(Dataset entries)
Start of Block
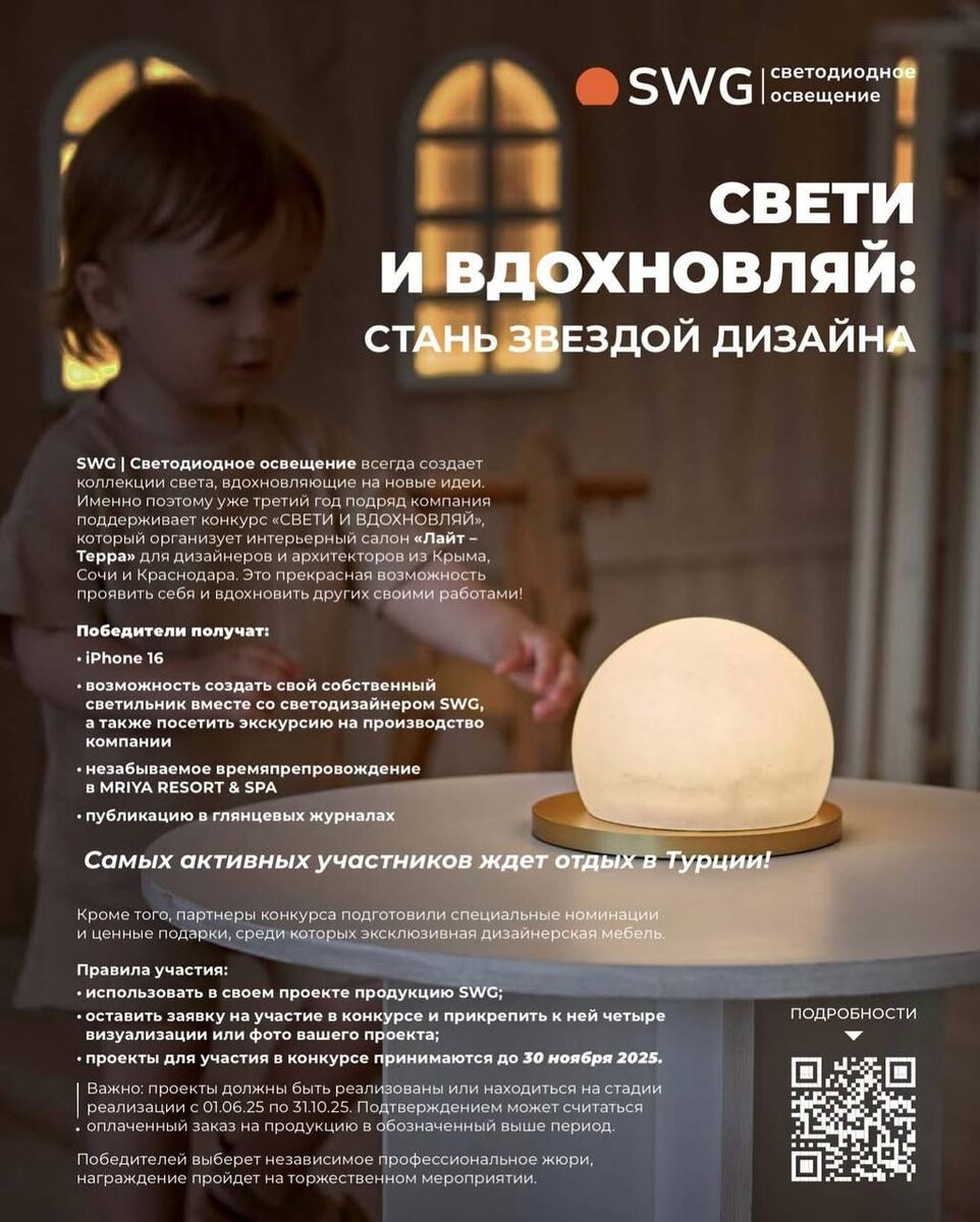 Дарим путешествие в Турцию, iPhone 16, публикацию в журнале BRUSNICA и Hi-Home, создание светильника совместно с SWG🤩 Конкурс для дизайнеров и архитекторов Крыма, Сочи и Краснодара. ПРИЁМ ЗАЯВОК ПРОДЛЁН ДО 30 НОЯБРЯ! У вас есть целый месяц, чтобы заявить о себе и показать свой свет! УЧАСТВУЙТЕ И ВЫИГРЫВАЙТЕ: 📱 iPhone 16 🌴 Отдых в Mriya Resort & SPA 💡 Создание собственного светильника с SWG 📖 Публикация в журнале BRUSNICA и Hi-Home 🇹🇷 Путешествие в Турцию для самых активных! Призы от партнёров: дизайнерская мебель и эксклюзивные подарки! КАК УЧАСТВОВАТЬ: 1. Используйте продукцию SWG в своём проекте. 2. Заполните заявку на участие. 3. Прикрепите 4 визуализации или фото проекта. 🕐 Проекты должны быть реализованы (или в процессе) с 01.06 по 30.11.25. Подтверждение — оплаченный заказ SWG. Подробности тут https://vk.com/event230927016 🏆Победителей выбирает независимое жюри: Тарас Бондаренко, Стелла Кондратьева, Диана Калинкина, Дмитрий Юдалевич. И, конечно, будет голосован
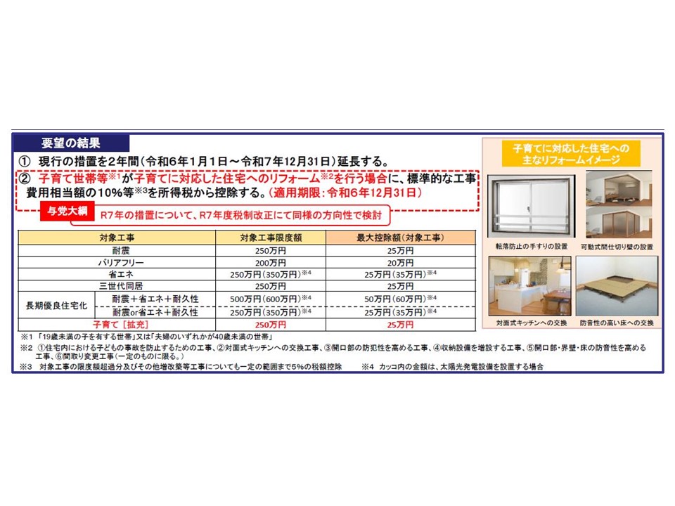 同制度の適用期限も2023年12月31日までだったが、今回の改正によって2年間(2025年12月31日まで)延長される。また、対象工事として新たに子育て世帯・若者夫婦世帯が行うリフォームも加わった。具体的には手すりの設置や対面キッチンへの交換といった子育てに対応したリフォームだ。同工事に対して最大25万円が控除される。なお、住宅ローンを利用して中古住宅を購入し、対象となるリフォームを行えば、住宅ローン減税と併用することもできる。
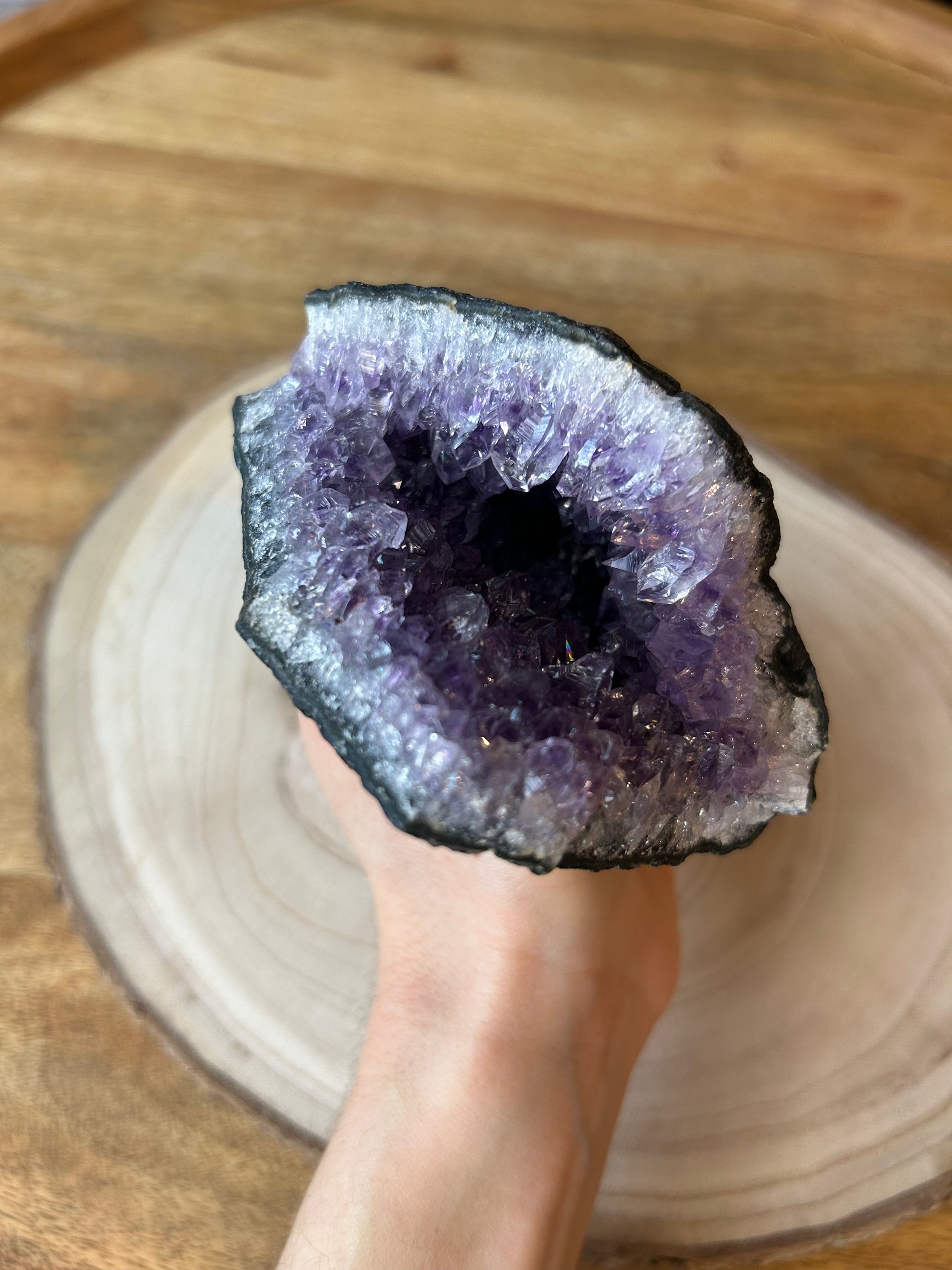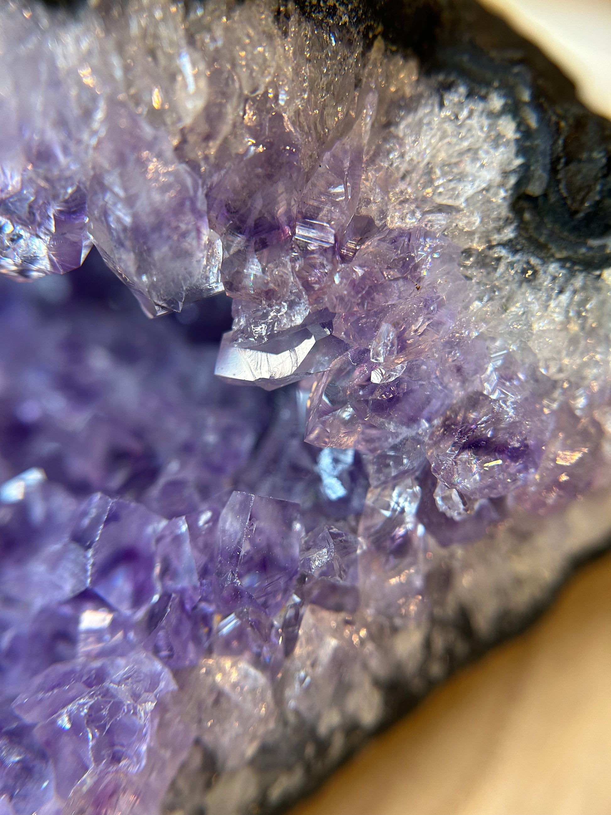 Der Amethyst kann besonders in Zeiten von Stress und innerer Unruhe Unterstützung bieten. Er wirkt wie ein sanfter Schutzschild gegen belastende Energien und hilft dabei, Ängste zu lindern und innere Spannungen loszulassen.
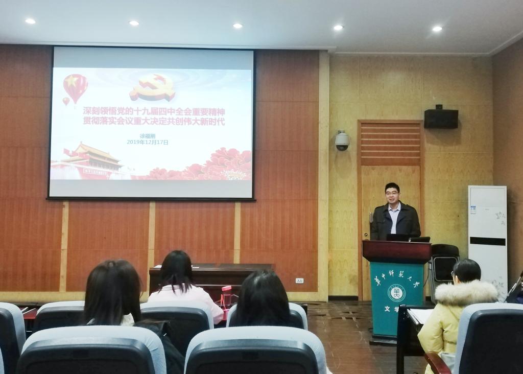 (通讯员:鲍思琦)2019年12月17日下午,文学院本科生第一党支部于文学院一楼报告厅开展十九届四中全会主题党课教育,文学院党委副书记徐福刚为支部成员上党课,支部正式党员、预备党员及发展对象到场参加。
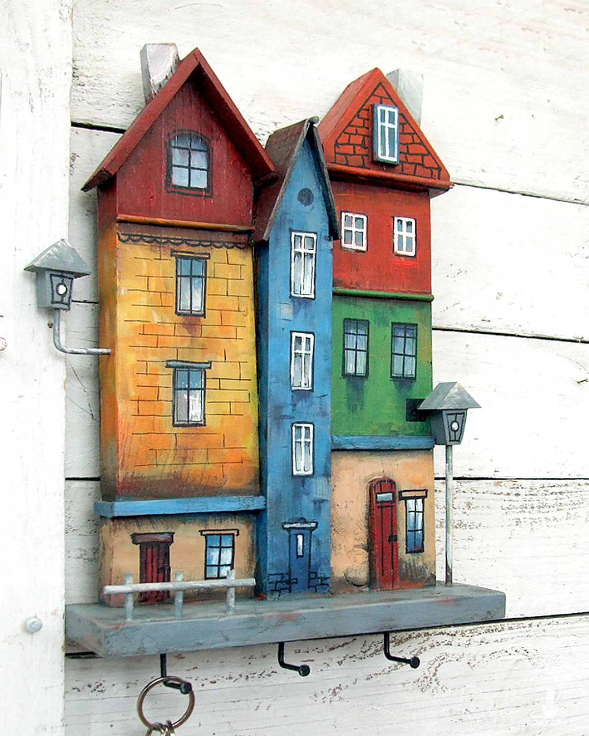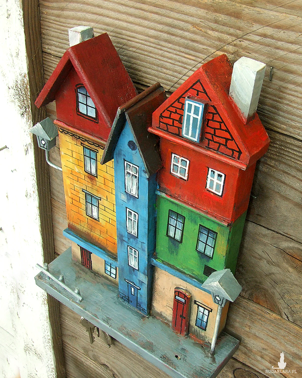 Domki mają proste kształty, całość konstrukcji nie jest więc skomplikowana, a cały efekt to bardzo dokładne i szczegółowe malowanie kamieniczek: ogromna ilość okienek, drzwi ze szczegółami, dobranie i cieniowanie koloru - to tworzy wyjątkowy klimat tej dekoracji. Całość jest zabezpieczona matowym lakierem akrylowym.
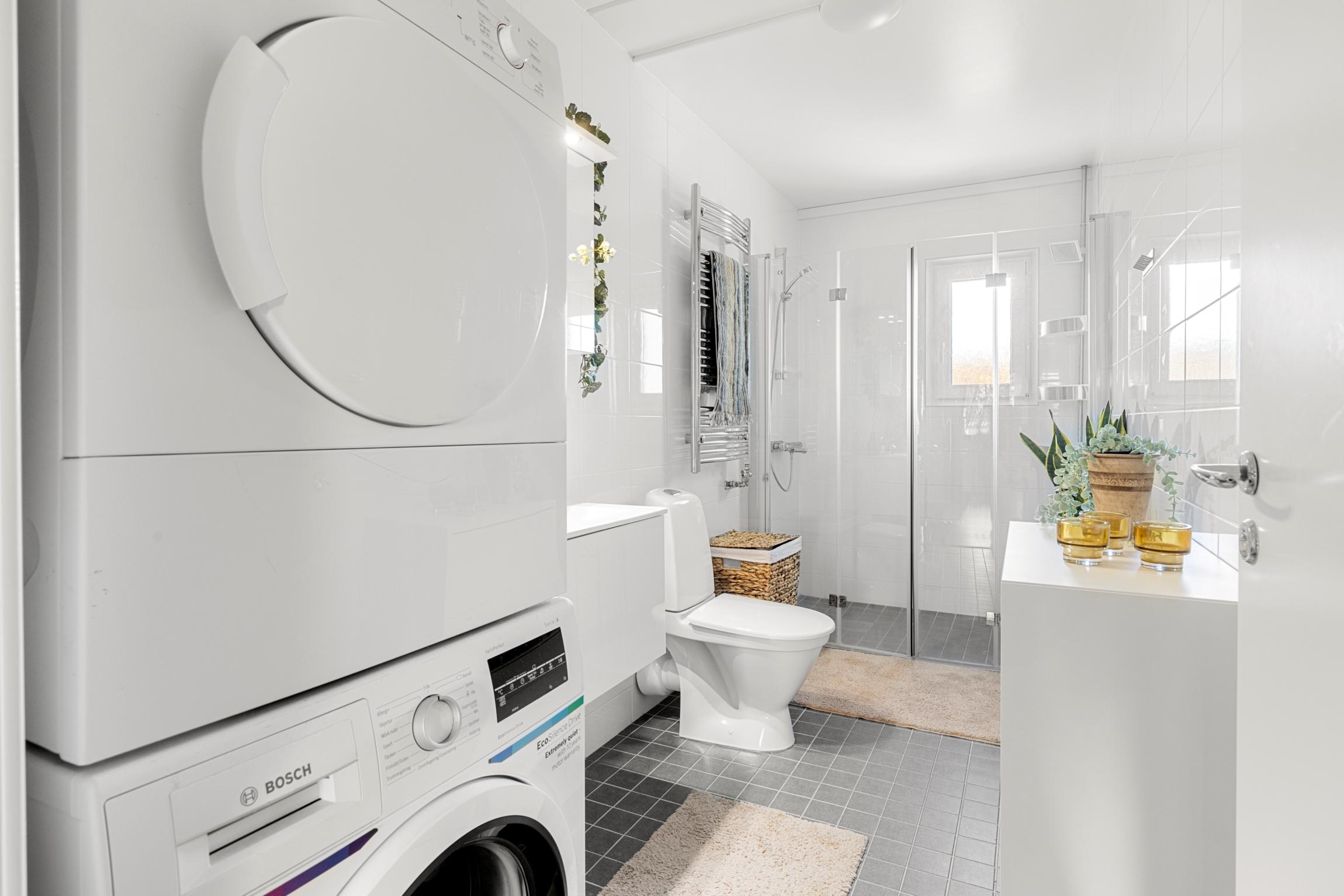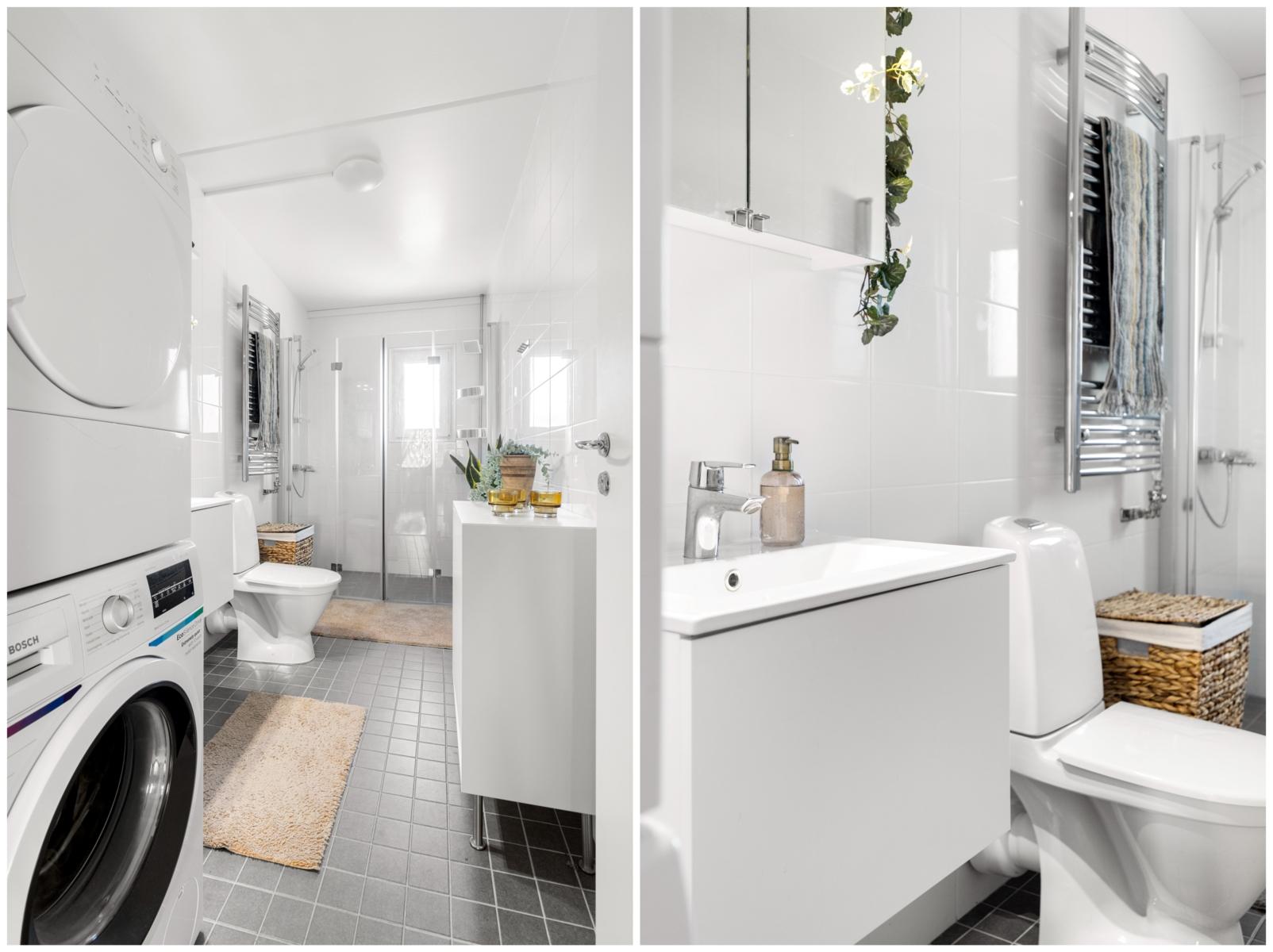 - BadrumTopprenoverat stambytt badrum (renoverat 2021) med helkaklade väggar och klinkergolv. Badrummet har en rymligt duschhörna för en till två personer, WC, tvättställ samt tvättpelare med tvättmaskin och torktumlare.
End of Block
## What you will do
Output all of the records exactly as they appear above, but not the pictures.

## Solution below
 Дарим путешествие в Турцию, iPhone 16, публикацию в журнале BRUSNICA и Hi-Home, создание светильника совместно с SWG🤩 Конкурс для дизайнеров и архитекторов Крыма, Сочи и Краснодара. ПРИЁМ ЗАЯВОК ПРОДЛЁН ДО 30 НОЯБРЯ! У вас есть целый месяц, чтобы заявить о себе и показать свой свет! УЧАСТВУЙТЕ И ВЫИГРЫВАЙТЕ: 📱 iPhone 16 🌴 Отдых в Mriya Resort & SPA 💡 Создание собственного светильника с SWG 📖 Публикация в журнале BRUSNICA и Hi-Home 🇹🇷 Путешествие в Турцию для самых активных! Призы от партнёров: дизайнерская мебель и эксклюзивные подарки! КАК УЧАСТВОВАТЬ: 1. Используйте продукцию SWG в своём проекте. 2. Заполните заявку на участие. 3. Прикрепите 4 визуализации или фото проекта. 🕐 Проекты должны быть реализованы (или в процессе) с 01.06 по 30.11.25. Подтверждение — оплаченный заказ SWG. Подробности тут https://vk.com/event230927016 🏆Победителей выбирает независимое жюри: Тарас Бондаренко, Стелла Кондратьева, Диана Калинкина, Дмитрий Юдалевич. И, конечно, будет голосован
 同制度の適用期限も2023年12月31日までだったが、今回の改正によって2年間(2025年12月31日まで)延長される。また、対象工事として新たに子育て世帯・若者夫婦世帯が行うリフォームも加わった。具体的には手すりの設置や対面キッチンへの交換といった子育てに対応したリフォームだ。同工事に対して最大25万円が控除される。なお、住宅ローンを利用して中古住宅を購入し、対象となるリフォームを行えば、住宅ローン減税と併用することもできる。
 Der Amethyst kann besonders in Zeiten von Stress und innerer Unruhe Unterstützung bieten. Er wirkt wie ein sanfter Schutzschild gegen belastende Energien und hilft dabei, Ängste zu lindern und innere Spannungen loszulassen.
 (通讯员:鲍思琦)2019年12月17日下午,文学院本科生第一党支部于文学院一楼报告厅开展十九届四中全会主题党课教育,文学院党委副书记徐福刚为支部成员上党课,支部正式党员、预备党员及发展对象到场参加。
 Domki mają proste kształty, całość konstrukcji nie jest więc skomplikowana, a cały efekt to bardzo dokładne i szczegółowe malowanie kamieniczek: ogromna ilość okienek, drzwi ze szczegółami, dobranie i cieniowanie koloru - to tworzy wyjątkowy klimat tej dekoracji. Całość jest zabezpieczona matowym lakierem akrylowym.
 - BadrumTopprenoverat stambytt badrum (renoverat 2021) med helkaklade väggar och klinkergolv. Badrummet har en rymligt duschhörna för en till två personer, WC, tvättställ samt tvättpelare med tvättmaskin och torktumlare.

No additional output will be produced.